Begin at the line containing "3月18日,沈晓明在安乡站成智造体育科技有限公司调研。" and retype each line through the end of the records exactly. Include nothing else and no pictures.
■ ■ ■ ■ ■ ■ ■
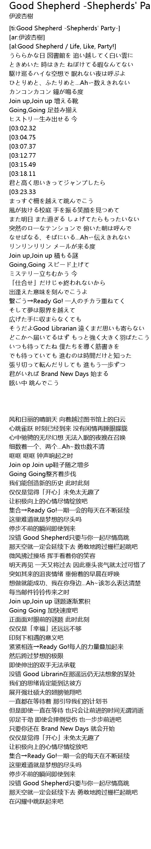 | [ti:Good Shepherd -Shepherds' Party-] | |
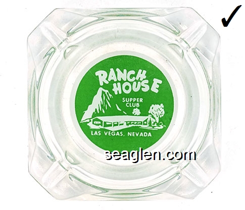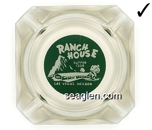RHS-C1 Ranch House Supper Club Las Vegas, NV 4 1/2" Green Glass Ashtray Black and red on white imprint: Bob Taylor's Ranch House Supper Club, Las Vegas, Nevada |
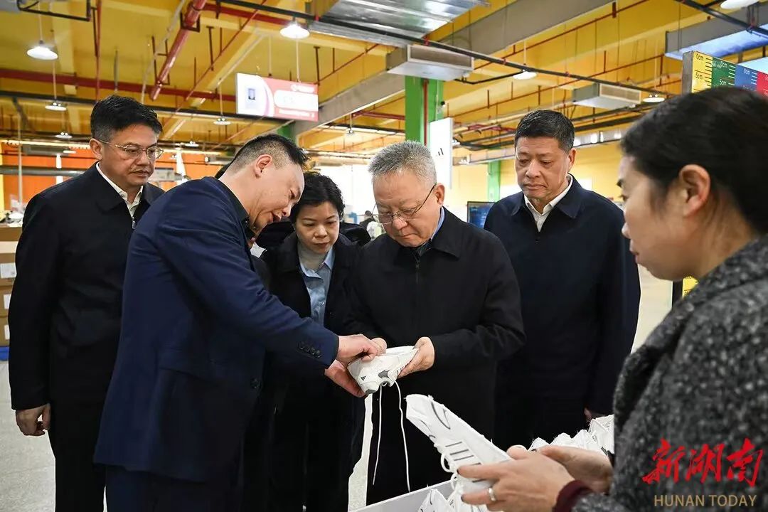 3月18日,沈晓明在安乡站成智造体育科技有限公司调研。
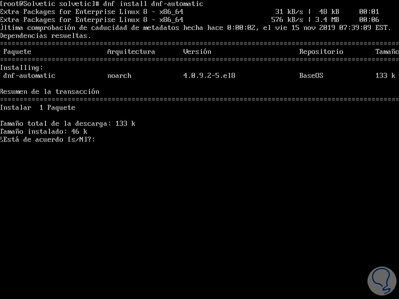 Ingresamos la letra “s” para confirmar la descarga del paquete RPM:
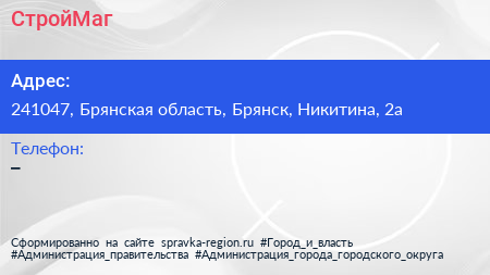 СтройМаг по адресу 241047, Брянская область, Брянск, Никитина, 2а в дальнейшем Организация, размещена в следующих категориях:
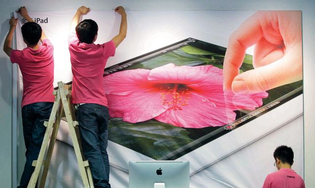 موظف يعلق الملصقات الإعلانية لشركة آبل في مقاطعة ووهان أول من أمس، حيث نظمت الشركة حملة من أجل إطلاق التخفيضات لمنتجاتها الرئيسية. وهي تقوم بزخرفة الصفحة الأولى من جهاز الايباد اللوحي بوردة كبيرة بهدف جذب الجمهور لشراء هذا المنتج الذي ربطته بعاطفة الحب.
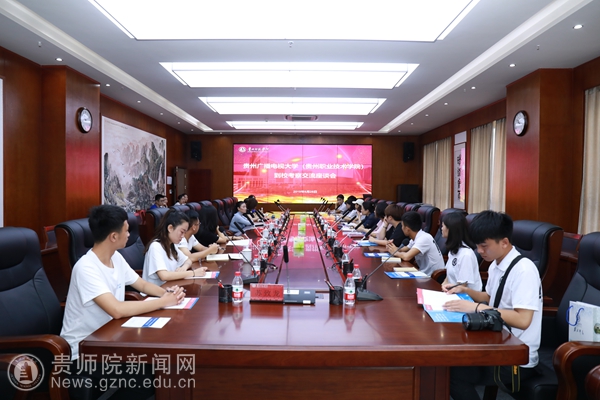 本网讯:6月26日上午,贵州广播电视大学(贵州职业技术学院)党委宣传部部长、统战部长于立群率部门全体成员,校学生记者团学生代表到伟德官网考察交流。伟德官网党委宣传部长邹晓青等接待了于立群一行并在信息楼二楼会议室举行了交流座谈会,会议由邹晓青主持。
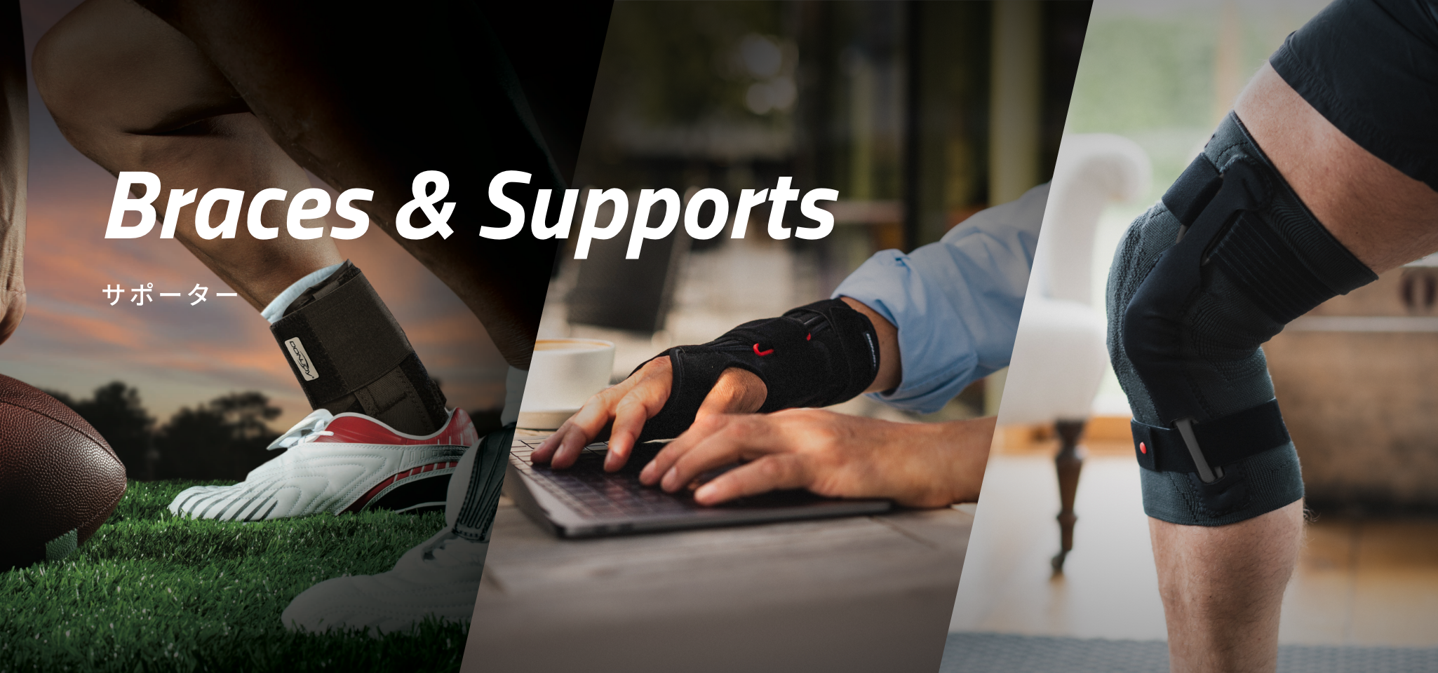 硬度を高めたプラスチック製のヒンジとストラップで動揺性のある膝関節をサポート |
■ ■ ■ ■ ■ ■ ■
§ **Problem solution**
 3月18日,沈晓明在安乡站成智造体育科技有限公司调研。
 Ingresamos la letra “s” para confirmar la descarga del paquete RPM:
 СтройМаг по адресу 241047, Брянская область, Брянск, Никитина, 2а в дальнейшем Организация, размещена в следующих категориях:
 موظف يعلق الملصقات الإعلانية لشركة آبل في مقاطعة ووهان أول من أمس، حيث نظمت الشركة حملة من أجل إطلاق التخفيضات لمنتجاتها الرئيسية. وهي تقوم بزخرفة الصفحة الأولى من جهاز الايباد اللوحي بوردة كبيرة بهدف جذب الجمهور لشراء هذا المنتج الذي ربطته بعاطفة الحب.
 本网讯:6月26日上午,贵州广播电视大学(贵州职业技术学院)党委宣传部部长、统战部长于立群率部门全体成员,校学生记者团学生代表到伟德官网考察交流。伟德官网党委宣传部长邹晓青等接待了于立群一行并在信息楼二楼会议室举行了交流座谈会,会议由邹晓青主持。
 硬度を高めたプラスチック製のヒンジとストラップで動揺性のある膝関節をサポート |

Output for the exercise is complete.